Abortion restrictions at the state level mean that people will need to travel across state lines to have abortions — even farther than they do now if states ban abortion outright. (Newsflash, banning abortion does not stop people from getting them.) That means longer absences from work, according to IWPR CEO Nicole Mason. It also means more employees forced to give birth: For every 100 miles a person has to travel, they’re about 25% less likely to be able to have that abortion. And that, of course, means more employees on parental leave, or leaving their jobs altogether (especially if they don’t have access to paid parental leave). Then: staff shortages and extra hiring and training costs.
Abortion bans can hurt revenue, too. See: back in March when a Texas legislator tried (and failed, thus far) to extort Citigroup, threatening to hold its underwriting business in the state hostage unless it reversed its employee policy on covering abortion travel. (They’re not the only ones, of course. Here’s a list of companies that are now explicitly covering employees’ abortion-related expenses.) When governments can cut off revenue streams for attempting to close the access gap, that makes the policy itself bad for business.
For the economy in general
This should be obvious, but women comprise 50% of the population here. (That’s not even counting non-binary people and trans men, both of whom are impacted by abortion restrictions, and whose numbers are growing with each generation.) And despite fluctuations caused by the pandemic, they still comprise roughly half the workforce. Restricting reproductive rights is an issue that will greatly impact the US economy.
The Institute for Women’s Policy Research has estimated that abortion bans and other reproductive health restrictions cost state and local economies $105 billion annually by reducing people with uteruses’ ability to participate in the workforce. If all state-level abortion restrictions were to be eliminated, employed women would earn $101.8 billion more.

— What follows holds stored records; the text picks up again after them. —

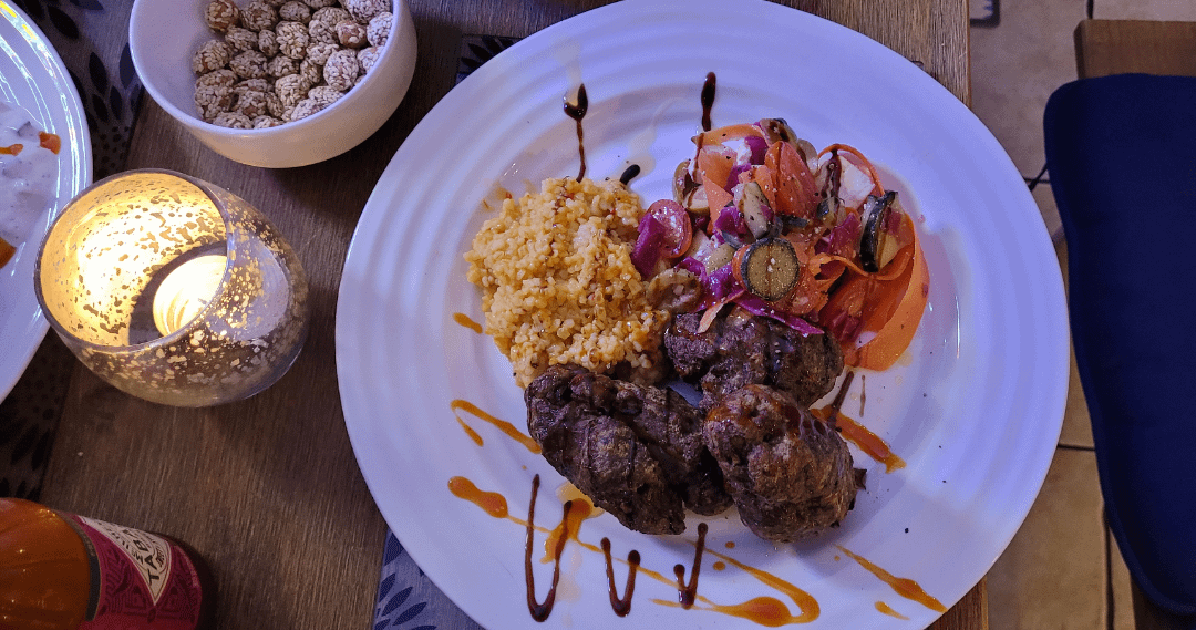 Kofta kebab , harissa bulgar wheat, pickled veg salad. Tuxedo clad staff made the evening one to remember 🖤😘Lots of Ouzo ✌🏼by brucieballoypap666 Write A CommentYou must be logged in to post a comment.
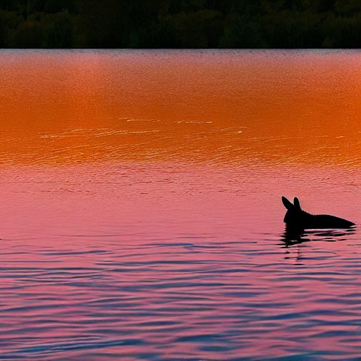 Prompt: Create a image that depicts a majestic lake rabbit at the shores of Lake Constance, with the sun setting dramatically in the background. The sky is painted in vibrant shades of orange, pink, and purple, reflecting in the calm waters of the lake. The lake rabbit emerges from the water, showcasing its unique shape and vibrant colors. The image should be vibrant, detailed, and breathtaking, capturing the beauty of nature and the splendor of Lake Constance.
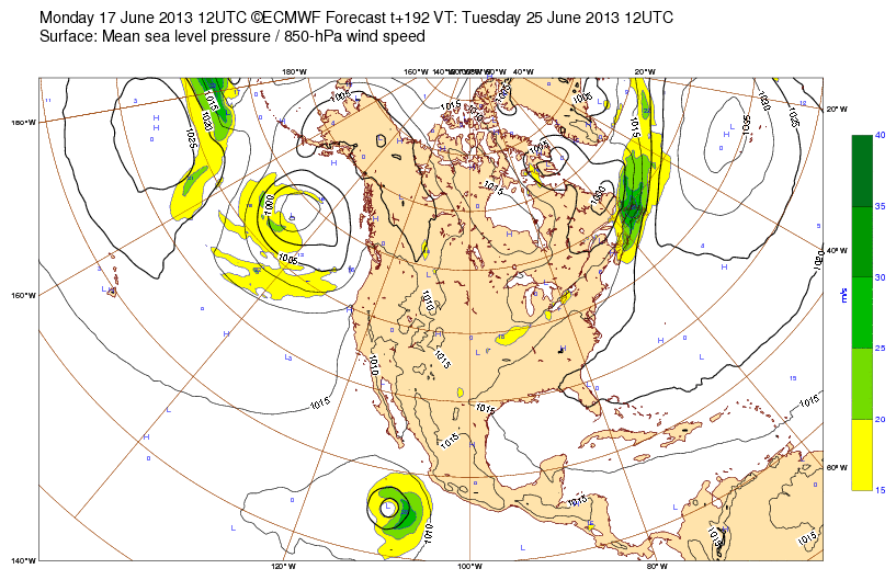 Over the past couple of days, the Globals have been fairly consistent in developing tropical cyclone in the EPAC. The GFS and Euro both suggest a general NW to NNW motion with the Euro hinting a possible approach to Cabo San Lucas in about 8-10 days.
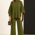 3️⃣ Χάρη στις αγορές σας καταφέρνουμε να προστατεύσουμε τον μισθό μας και την απασχόλησή μας.🧶 Περιγραφή προϊόντοςΑυτό το σύνολο από μαλακό και ζεστό μαλλί είναι η ιδανική επιλογή για όσους αγαπούν την άνεση χωρίς να θυσιάζουν την κομψότητα. Κατασκευασμένο από μίγμα μαλλιού, το σετ περιλαμβάνει παντελόνι με ελαστική μέση και μπλούζα με ψηλό λαιμό για μια κομψή αλλά χαλαρή εμφάνιση.Η ρευστή εφαρμογή και το ελαστικό ύφασμα προσαρμόζονται τέλεια σε κάθε σιλουέτα, προσφέροντας ελευθερία κινήσεων και άνεση που αγκαλιάζει όλη την ημέρα.Ιδανικό για τις πιο κρύες ημέρες, μπορείς να το φορέσεις:• στο σπίτι, για μια cozy αλλά προσεγμένη εμφάνιση,• στο γραφείο, με ένα ζευγάρι μοκασίνια ή μποτάκια,• στον ελεύθερο χρόνο, συνδυασμένο με sneakers για ένα casual chic στυλ.Ένα ευέλικτο, πρακτικό και κομψό κομμάτι — τέλειο για όσους θέλουν να νιώθουν κομψοί ακόμα και στις στιγμές χαλάρωσης.🔖 Λεπτομέρειες• Εφαρμογή: άνετη και περιβάλλουσα• Παντελόνι με ελαστική μέση• Μπλούζα με ψηλό λαιμό• Διαθέσιμο σε διάφορα χρώματα
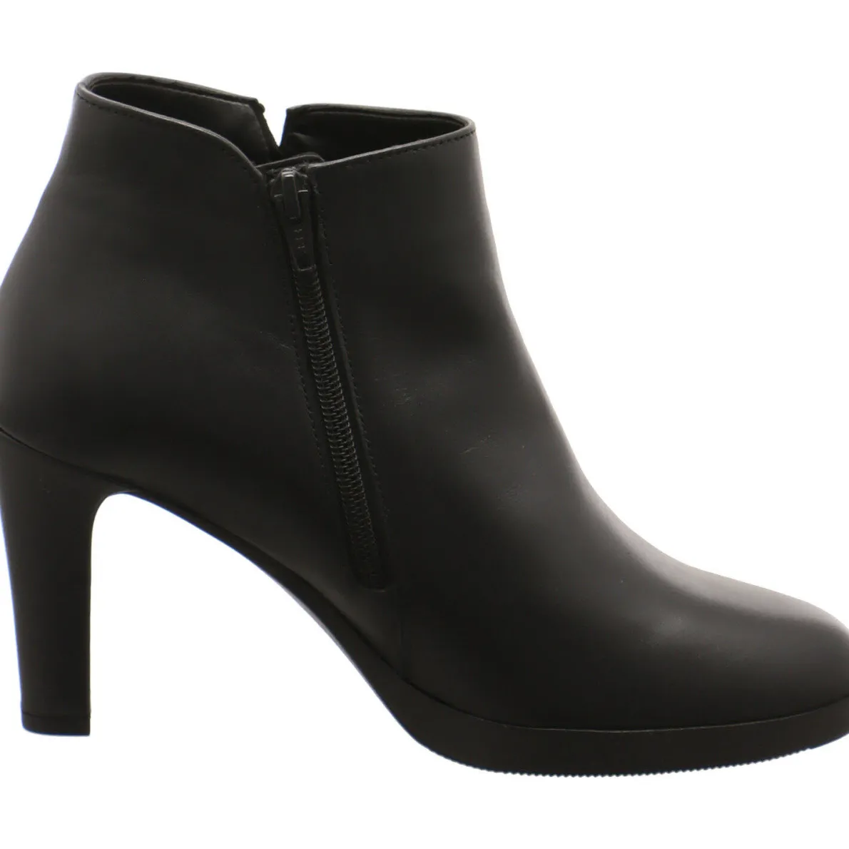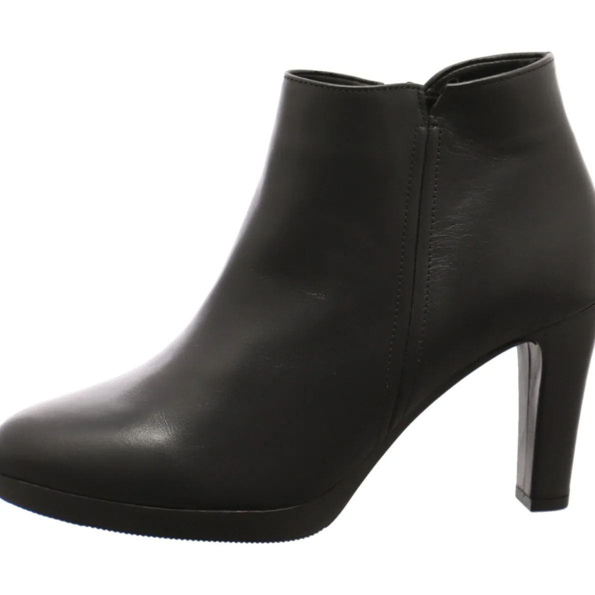 Gefertigt aus weichem, hochwertigem Echtleder in Schwarz, ist sie auf der Innenseite mit einem Reißverschluss versehen, der für einen leichten Einstieg sorgt. Die grobe Naht an der Außenseite gibt dem sonst eher schlichten Schuh eine besondere Note und macht ihn zum Hingucker.
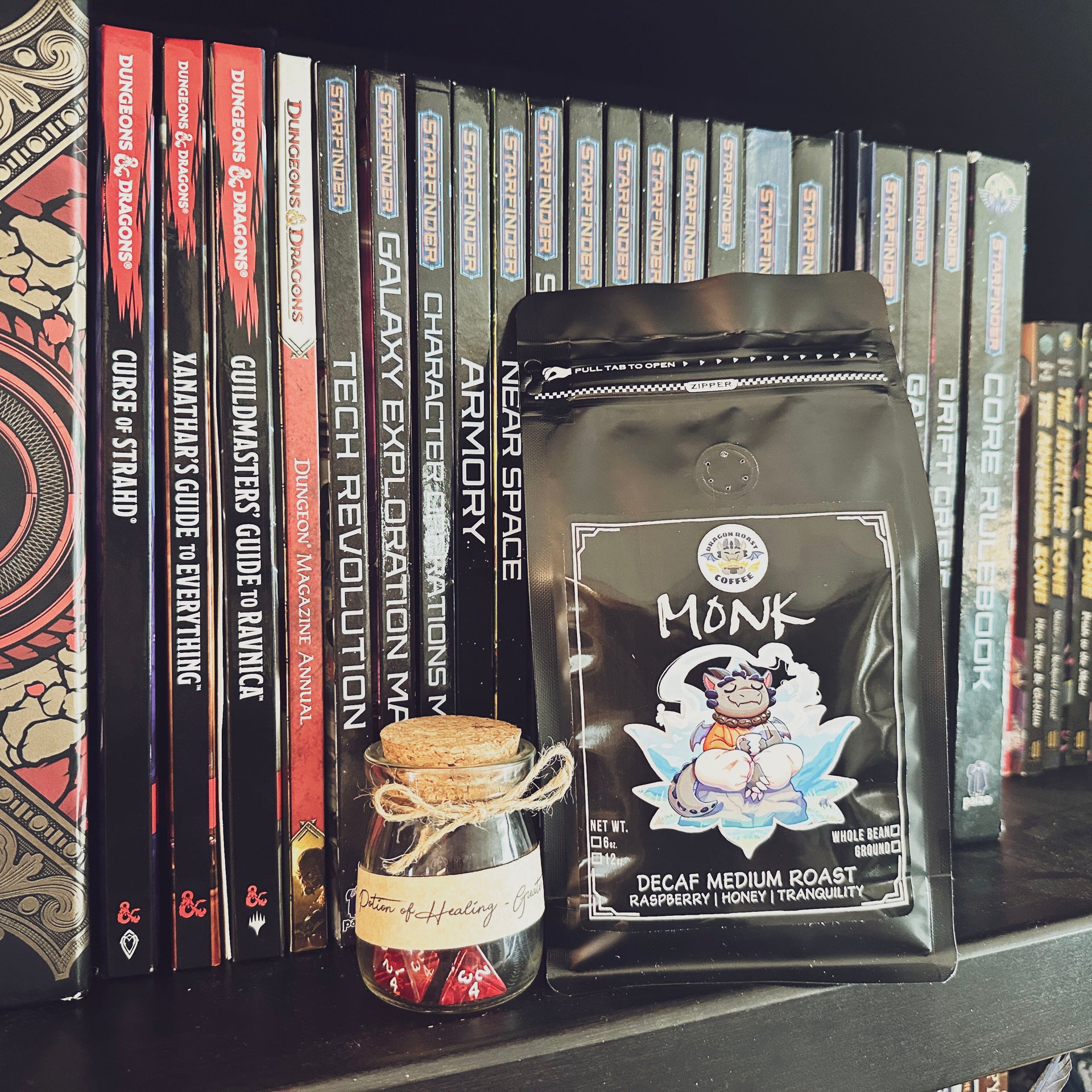 I met the dragon roast peeps at a convention and they were soooo welcoming and helpful, especially considering i knew next to nothing about coffee. i finally got to the point where i can brew this and i feel im doing the coffee justice, and it’s just so good. i always liked the taste of coffee but i assumed that the bitterness and acidity and burnt flavors in cheap or poorly made coffee were just a part of the experience, but this rogue coffee showed me that you can have all the flavor without any of the annoying parts. i’m still very new to coffee but i feel like i have this exciting world to explore thanks to the dragon roast team. now i just need to try every kind they have…

The IWPR research also found that, if all state-level abortion restrictions were eliminated, over a half million more women would enter the labor force, and their participation would mean an additional $3 billion in profits and a 9.12% private-sector earnings growth nationwide — and that’s not even counting the potential contributions of others with uteruses.
Reproductive health access, including abortions, relieves strain on public resources, as well — according to one American University analysis, because its availability reduces the likelihood of poverty, it also decreases the probability that people with uteruses will require public assistance.
Abortion bans also dramatically increase mortality rates for people who seek abortions. After Roe v. Wade, deaths from legal abortions declined by 500% over 12 years. And a 2021 Colorado University analysis estimates that banning abortions would increase pregnancy-related deaths by 21% — even more for Black women, by 33%. As many, many economic studies have shown, rising mortality rates are closely associated with negative economic growth.
Let’s keep it real here — abortion bans will always impact the economically vulnerable the most. (Remember author Lindy West’s appearance on The Daily Show?) It’s not just the super-wealthy who will find ways to keep their access to reproductive health; it’s also people fortunate enough to work at companies offering abortion benefits. When an issue hits the poor and struggling hardest, it will increase the wealth gap — and inequality is already hurting the economy (and people) enough as it is.